Print the data below again in full, exactly as it stands, with no images.

[Opening Information supplied section]

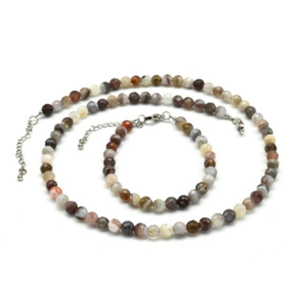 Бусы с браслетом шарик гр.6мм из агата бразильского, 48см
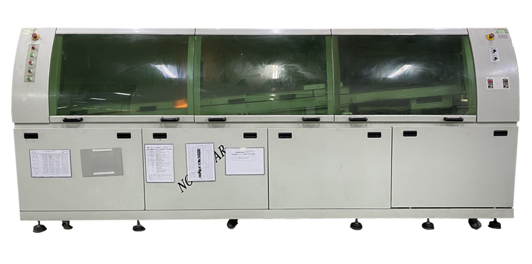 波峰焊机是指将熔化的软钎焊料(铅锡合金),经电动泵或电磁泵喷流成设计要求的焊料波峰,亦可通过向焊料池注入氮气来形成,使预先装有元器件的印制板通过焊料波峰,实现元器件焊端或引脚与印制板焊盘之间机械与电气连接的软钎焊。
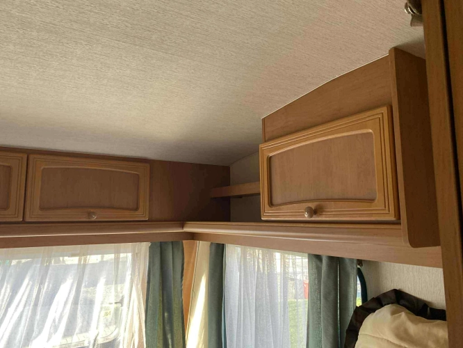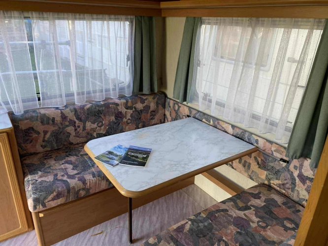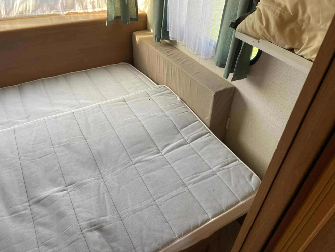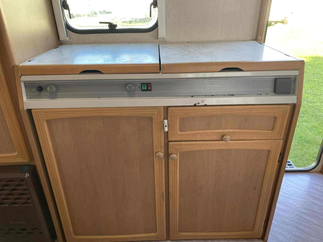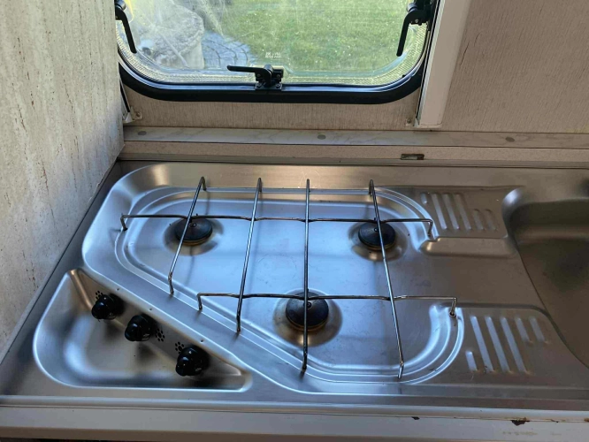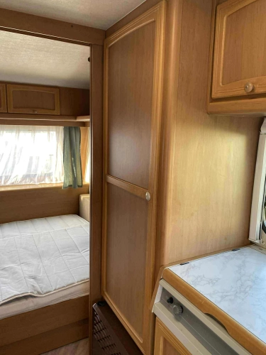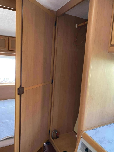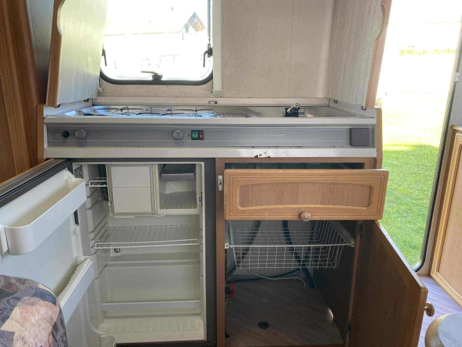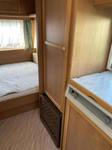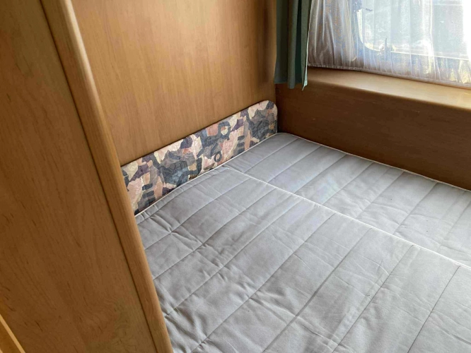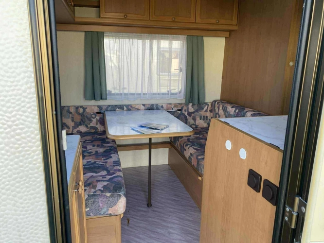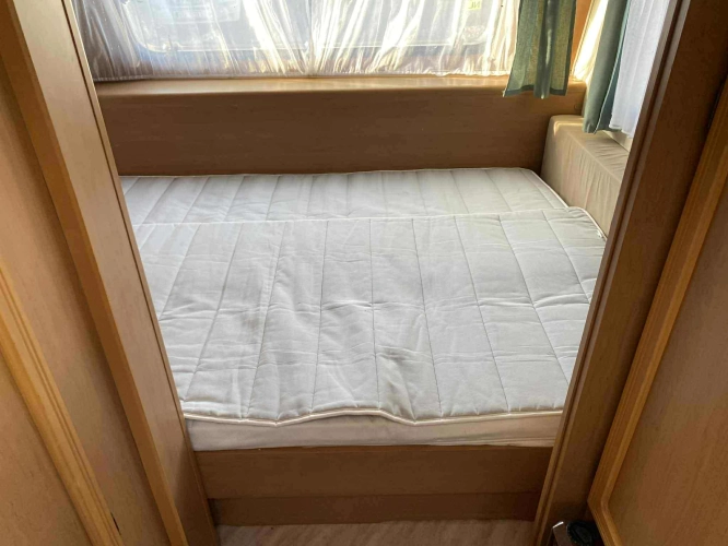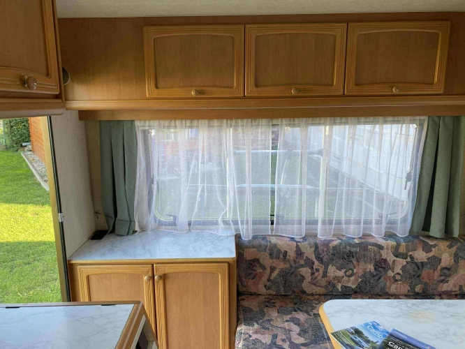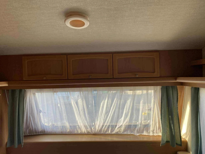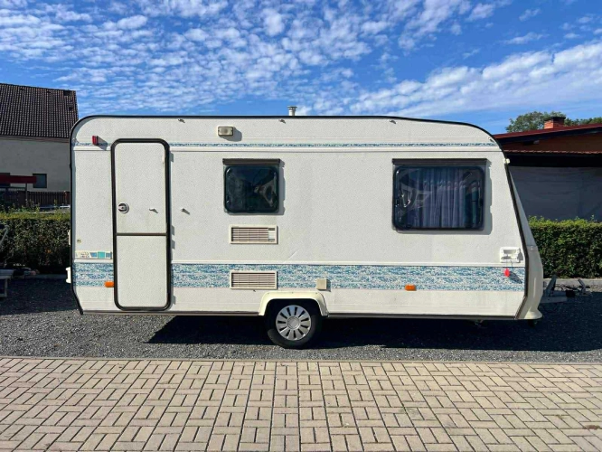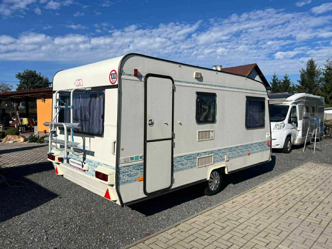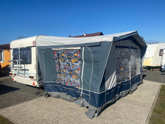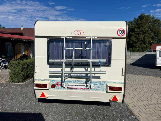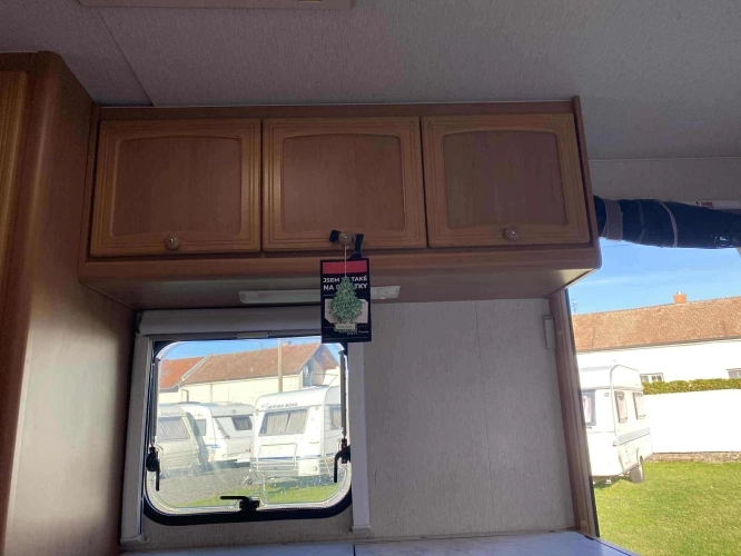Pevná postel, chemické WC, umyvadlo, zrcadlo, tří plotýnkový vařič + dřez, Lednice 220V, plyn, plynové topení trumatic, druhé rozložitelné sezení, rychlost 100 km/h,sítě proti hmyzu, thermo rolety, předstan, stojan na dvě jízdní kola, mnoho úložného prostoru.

[Closing Information supplied section]

**Problem solution:**
 Бусы с браслетом шарик гр.6мм из агата бразильского, 48см
 波峰焊机是指将熔化的软钎焊料(铅锡合金),经电动泵或电磁泵喷流成设计要求的焊料波峰,亦可通过向焊料池注入氮气来形成,使预先装有元器件的印制板通过焊料波峰,实现元器件焊端或引脚与印制板焊盘之间机械与电气连接的软钎焊。
Pevná postel, chemické WC, umyvadlo, zrcadlo, tří plotýnkový vařič + dřez, Lednice 220V, plyn, plynové topení trumatic, druhé rozložitelné sezení, rychlost 100 km/h,sítě proti hmyzu, thermo rolety, předstan, stojan na dvě jízdní kola, mnoho úložného prostoru.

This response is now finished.